Formative assessment is a process in classrooms for teachers and students to enhance learning while the learning is occurring. It is an ongoing process in which teachers engage in multiple cycles of eliciting students’ ideas, noticing the substance of students’ thinking, interpreting to make sense of students’ ideas, and acting to guide and support learning. When we use a well designed formative assessment in our classroom, it can reveal what our students are thinking about chemistry in rich and unexpected ways.

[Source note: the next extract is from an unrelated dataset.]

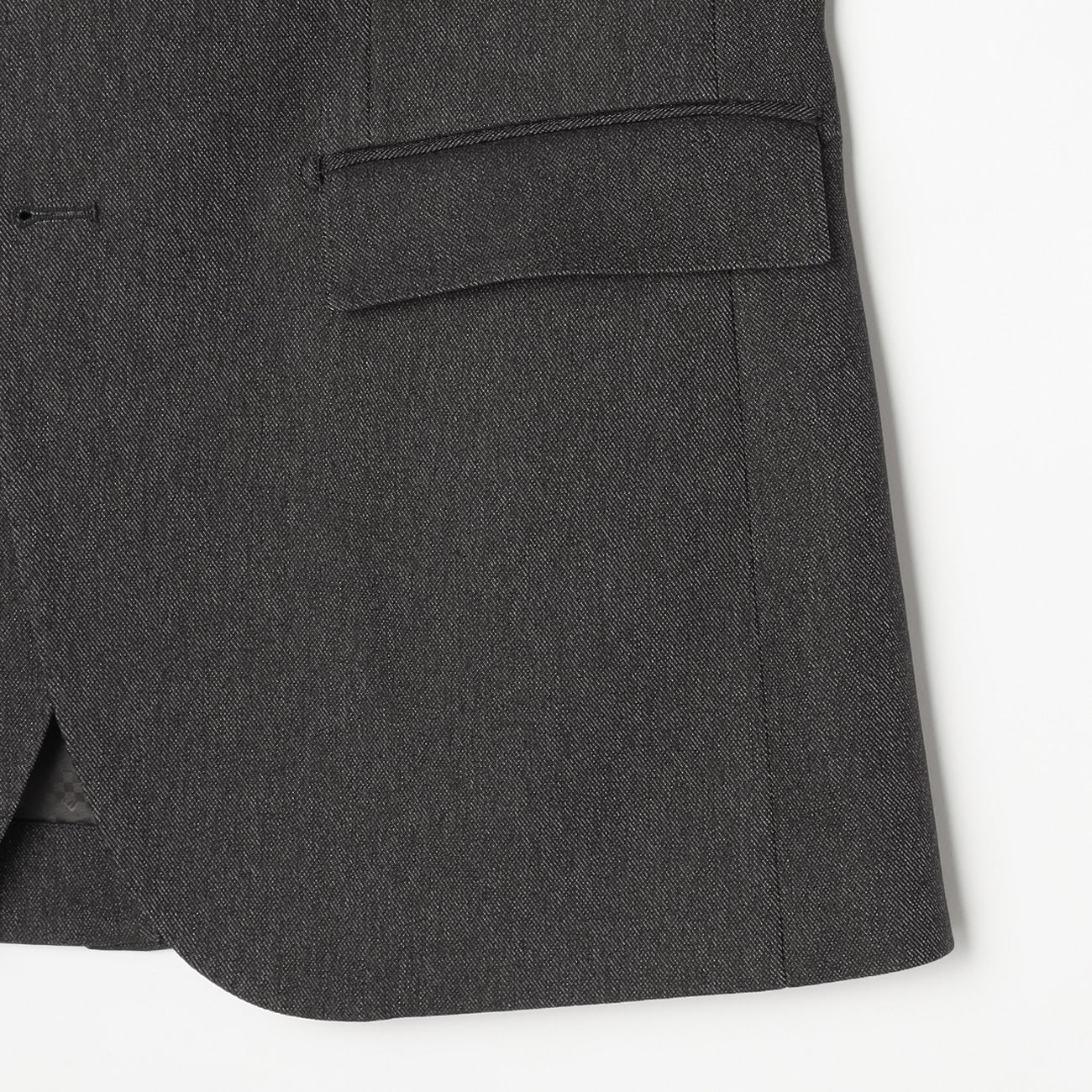 ・西裝外套:2顆鈕扣、背開中叉、袖口假扣眼、半內裏。

Linked in the menu are formative assessment tools that have been designed, tested, and studied by the ACCT Team (indicated by yellow stars) and formative assessment tools that have been developed by teachers who completed the ACCT professional development program. We can use these formative assessments in our classrooms to help foster our students’ chemical thinking. Each formative assessment is aligned with one of the eleven questions of chemical thinking shown in the infographic below. Read more about ACCT formative assessments on our ChemEd X blog.
- What types of matter are there?
- What cues are used to differentiate matter types?
- What properties of matter types emerge?
- How does structure influence reactivity?
- What drives chemical change?
- What determines the outcomes of chemical changes?
- What interaction patterns are established?
- What affects chemical change?
- How can chemical changes be controlled?
- How can the effects be controlled?
- What are the effects of using and producing different matter types?